W
Way-Barney
I read the paper,
Mujahid and his colleagues at the Drexel University in Philadelphia studied the microstructure of a stainless steel designed for special applications such as pumps used to move media that has more corrosiveness and abrasiveness then typical applications thus requiring a more carbide rich and stain resistant stainless steel then what is typically used which he examines the microstructure of.
(Toughness was not a requirement)
Mujahid and his team received an as cast piece of steel from a pump manufacturer; a steel designed for pumps with the following chemistry.
1.6% Carbon, 26% Chromium, 2% Molybdenum 1% silicon, 1% Manganese.
(This would not be a good knife steel)
Mujahid observed large, dendritic, eutectic primary carbides (M7C3) formed around the grain boundaries in a matrix of ferrite of the as received cast condition. He further examines the morphology of these different large primary carbide structures, it should be noted that we do not commonly see, desire or use as cast steel for knives.
(David Boyle does like as cast 440C and Cobalt alloys; it's a trade off)
Knife steels are normally hot rolled and annealed so we wouldn't see these large dendritic structures and large grain boundary carbides which will bottom out the toughness at the same hardness if compared to a material that does not have those structures after hot rolling and annealing of course there are limits which is why there are special processes like particle metallurgy etc.
(This pump steel would not be desirable for knives regardless due to its chemistry regardless of special processing)
Mujahid then heat treats the material in the as cast condition, He observes and identifies porosity that's remaining from the casting along with seeing secondary carbide formation which he identifies by chemically dissolving the steel to extract the carbides.
Worst of all, due to the chemistry and coarse structure of this material, he still has ferrite, austenite and large primary carbide networks remaining in the structure after heat treatment. While austenitizing is obviously not going to be breaking up any of these primary carbides. The chemistry of this material will not help get the structure we like for knife steel.
(We like tempered martensite with spherical undissolved carbides and low RA)
High volumes of residual austenite and ferrite would make a very low performance quality cutting tool and It would also be difficult to get good finish on.
(Special pump steel chemistry not ideal for knives)
Again, this paper is not focused on what is pertinent to knives, the main focus of Mujahid's paper is that he identifies the the microstructures in the as cast material designed for special pumps in the as received condition and after austenitizing as range of temperatures.
He identified M23C6 as the secondary carbide and M7C3 as the primary carbide but this isn't a unique discovery, it is well understood by non lay people we can expect those structures in any high carbon stainless steel.
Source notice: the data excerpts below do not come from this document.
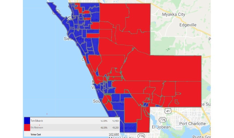 Much has been made of partisanship in Sarasota County School races. The defeat of incumbent School Board member Eric Robinson by Tom Edwards seemed to both sides a victory for Democrats Tuesday.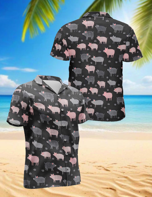 Netecom Pig Pattern Hawaiian Shirt for Men, Retro St...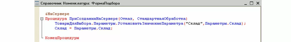 В качестве условия отбора по складу берем значение из документа из поля Склад. Нужно, чтобы новая форма подбора справочника «Номенклатура» получила значение склада, по которому будут отбираться остатки. Для этого в модуле формы подбора необходимо заполнять переменную написанного нами запроса из параметров формы в стандартной процедуре «ПриСозданииНаСервере»: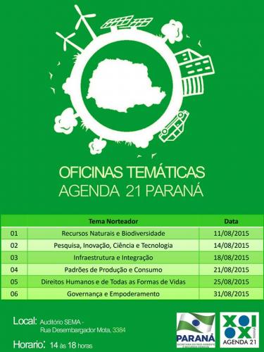 Durante o mês de agosto, serão realizadas pelo Fórum Permanente da Agenda 21 Paraná as Oficinas Temáticas, com intuito de sistematizar o material para a elaboração do documento “Agenda 21 Paraná” oriundo do texto-base, enriquecido com as contribuições das Conferências Livres e de Consulta Pública, realizadas em 2014.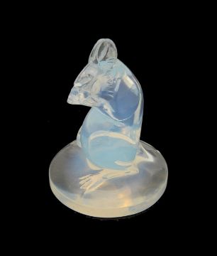 'Souris', c.1925, a clear glass seal stamp, modelled as a mouse, on a circular base, signed 'R Lalique France'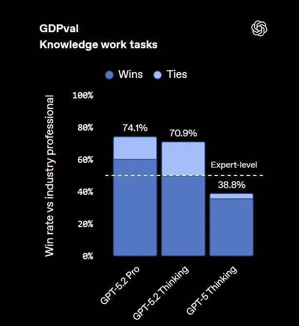 GPT-5.2 在 GDPval(知识工作)基准上的分数为 74.1%,OpenAI 声称这是 AI 模型首次达到了“人类专家水平”。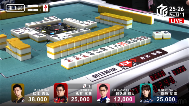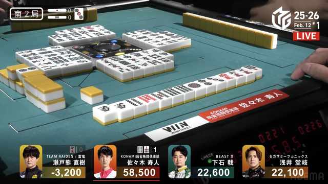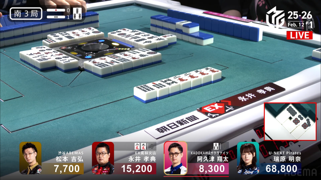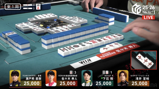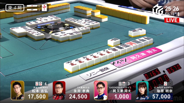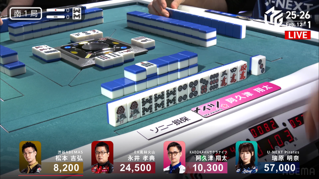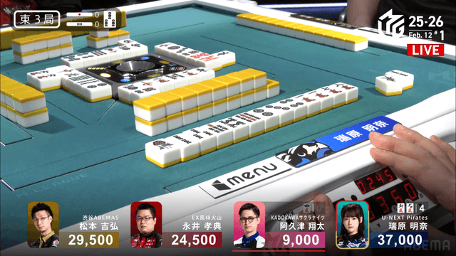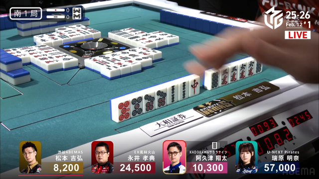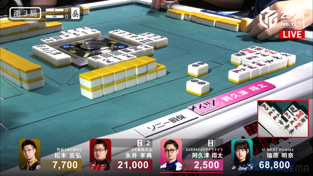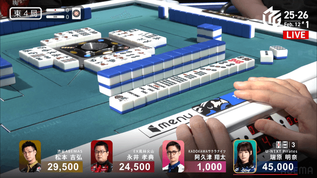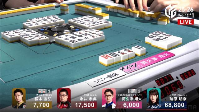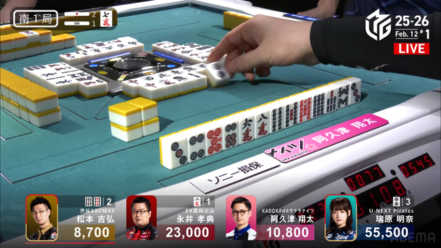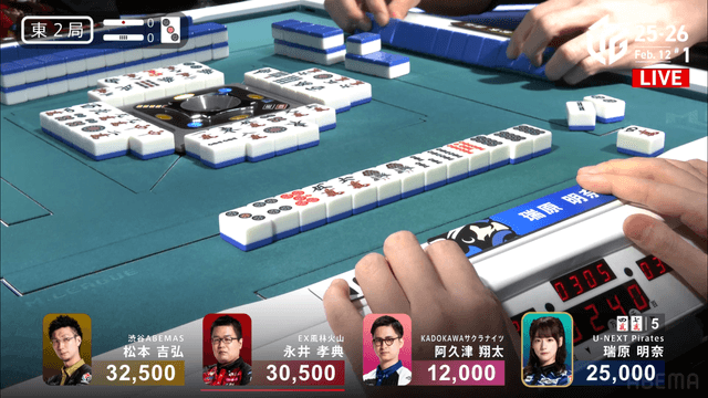 が打ち出され、瑞原が2000のアガリ、2着目の永井の親番を流す。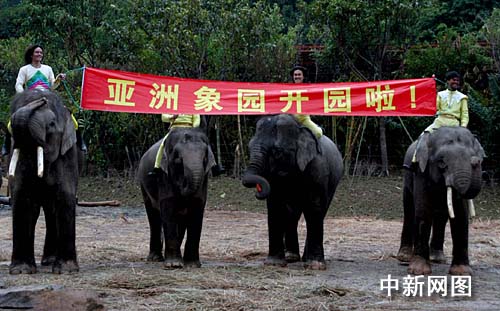 中新網(wǎng)廣州1月31日電(記者 陳國華)31日,廣州香江野生動物世界大象園開園。據(jù)了解,2007年尾至2008年初,短短的一個(gè)季度,該動物園喜獲5只亞洲小象,為了讓廣大游客能同時(shí)看到5只小象及象媽媽共同迎新年,香江為小象建了一個(gè)新家。

He does talk about the the presence of metallic elements "M" inside of the carbides and how they are mostly rich in chromium, However, he does not share what the measured chemistry of the M7C3 or M23C6
(It's not important for his paper/audience)
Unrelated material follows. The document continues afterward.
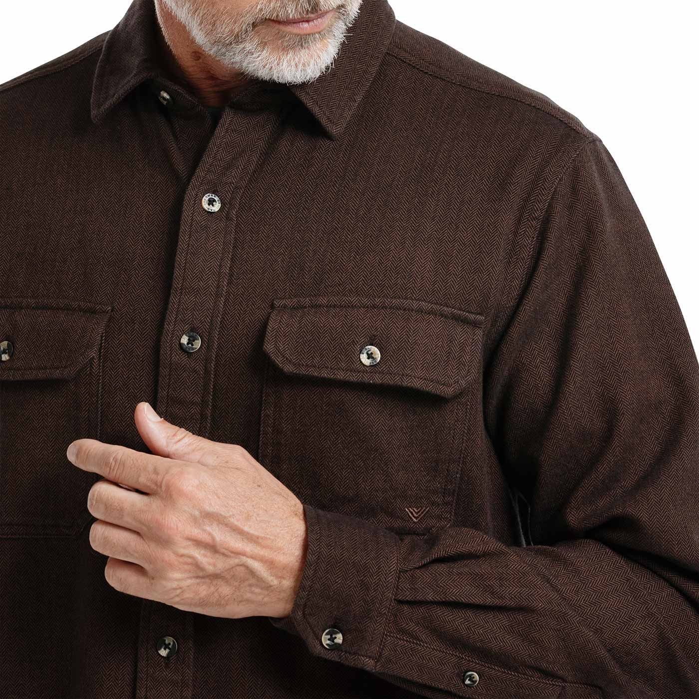 Modelul herringbone este atât de specific încât cămașa YURA nu necesită accesorii sau aplicații suplimentare. Are o croială clasică, este confecționată din bumbac 100% și se potrivește oricărui tip de silueta.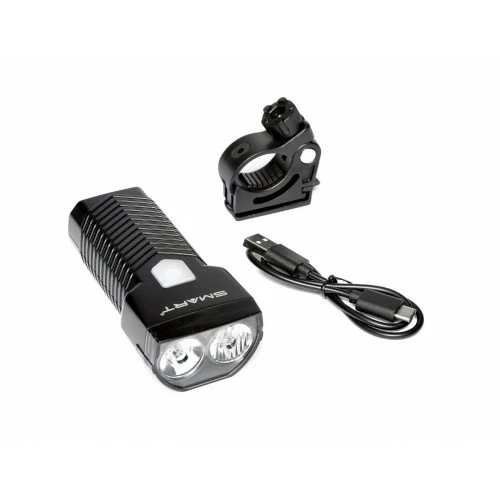 SPECIFIKATIONER: Pære: Nichia LED pære med høj effektVægt: 162 grambatteri: 5000mAhOpladning: Hurtig via USB-C (opladerkabel inkluderet)55% kølelegme i aluminiumDimensioner: 108,9×52,4×36,3 mm (ekskl. beslag) FUNKTION: Brændetid – enkelt lys (250 LM): 16 timerBrændetid – dobbelt lavt lys (500 LM): 10 timerBrændetid – dobbelt middel lys (1000 LM): 4 timerBrændetid – Dobbelt kraftigt lys (1500 LM): 2,5 timerBrændetid – Superflash (1500 LM): 40 timer Opladningstid: 3,5 timerOpladning: USB Model Varemærke Smart Design Størrelse Forlygte

Mujahid's paper is also not intended to be showing some revolutionary breakthrough in the discovery of carbide structure identification.
Keep in mind this paper came out in 1998 and all these types of carbides had been well identified over 80 years before this paper with work that was done by Bragg, Westgren and Phragmén in the early days of x-ray crystallography.
Mujahid does not discuss in detail M3C (nor does he need to) he only brings it up for discussing the generalized Fe-Cr-C system diagram at the beginning of the paper to show how with increasing amounts of chromium how the different types of carbides will take preference of formation.
In summary,
The only thing that is pertinent to knife steel in this paper is that you will have the presence of M7C3 and M23C6 in the knife steels that we use but the paper does not discuss, measure or give the context of the importance between these structures That is not a poor reflection of the author. Mujahid and his colleagues did a good job for their audience. It is simply not a paper designed to educate you about the elaborate details of carbides.
Knowing about these carbide structures(M3C, M7C3, M23C6) will not translate directly into creating high performance knives and heat treatment, but it does give some interesting perspective when we look at steels like AEB-L and 440C and when we ask ourselves why one looks finer than the other if we examine the microstructure. Especially when we see AEB-L can be finer than even PM 440C. How? Why?
You can find more reading on the subject of primary and secondary carbides in Dr Verhoeven's famous book "Steel Metallurgy for The Non-metallurgist" printed in 2007 which is a complete classic.
I would more strongly recommend reading Dr. Larrin Thomas's book "Knife Engineering: Steel, Heat Treating and Geometry" made in 2020. This book will also get you into further detail about carbides, austenitizing, martensite, ferrite, etc then what you can find in that paper you shared.
Most importantly, Dr Larrin's book will keep content more focused towards knives so you can develop a good base before running off and reading different papers and scratching your head about trying to find what's actually relevant to knives.